■ **Data extracted from a collection**:

=== Section Start ===

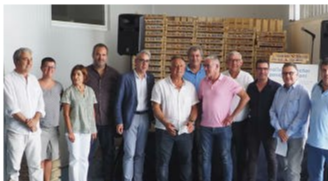
Els pescadors gironins valoren positivament el nou model de gestió

Els pescadors gironins es mostren satisfets del nou model de gestió pesquer un any després de la implantació del Decret de governança de la pesca professional a Catalunya. En una jornada d'anàlisi del sector pesquer gironí que es va fer dissabte a Sant Feliu de Guíxols, el president de la Federació Territorial de Confraries de Pescadors de Girona va ressaltar que la seva implementació havia permès «per primera vegada seure a la mateixa taula de presa de decisions que l'administració, la societat científica i la societat civil amb el mateix poder de decisió». Abad també va ressaltar el «compromís» de l'administració per desenvolupar polítiques conjuntes per millorar l'activitat de la pesca extractiva de la Costa Brava.
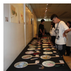
書畫系小品展開幕
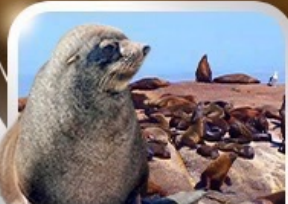
ล่องเรือชมฝูงแมวน้ำ Seal Island

ทะเลทรายซาฟารี อุทยานสัตว์ป่าหุบเขาพิลานเนเบิร์ก
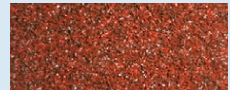
PAVIGYM BRICK TURF
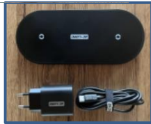
Foto del prodotto Picture of the item

L'oggetto descritto è conforme alla pertinente normativa di armonizzazione dell'Unione: The described object of the declaration is in conformity with the relevant Union harmonisation legislation:

=== Section End ===

■ **Exercise objective**: Reading through the records above, report each line in which the string "model" is found.

■ **Answer to the problem**:
Els pescadors gironins valoren positivament el nou model de gestió
Els pescadors gironins es mostren satisfets del nou model de gestió pesquer un any després de la implantació del Decret de governança de la pesca professional a Catalunya. En una jornada d'anàlisi del sector pesquer gironí que es va fer dissabte a Sant Feliu de Guíxols, el president de la Federació Territorial de Confraries de Pescadors de Girona va ressaltar que la seva implementació havia permès «per primera vegada seure a la mateixa taula de presa de decisions que l'administració, la societat científica i la societat civil amb el mateix poder de decisió». Abad també va ressaltar el «compromís» de l'administració per desenvolupar polítiques conjuntes per millorar l'activitat de la pesca extractiva de la Costa Brava.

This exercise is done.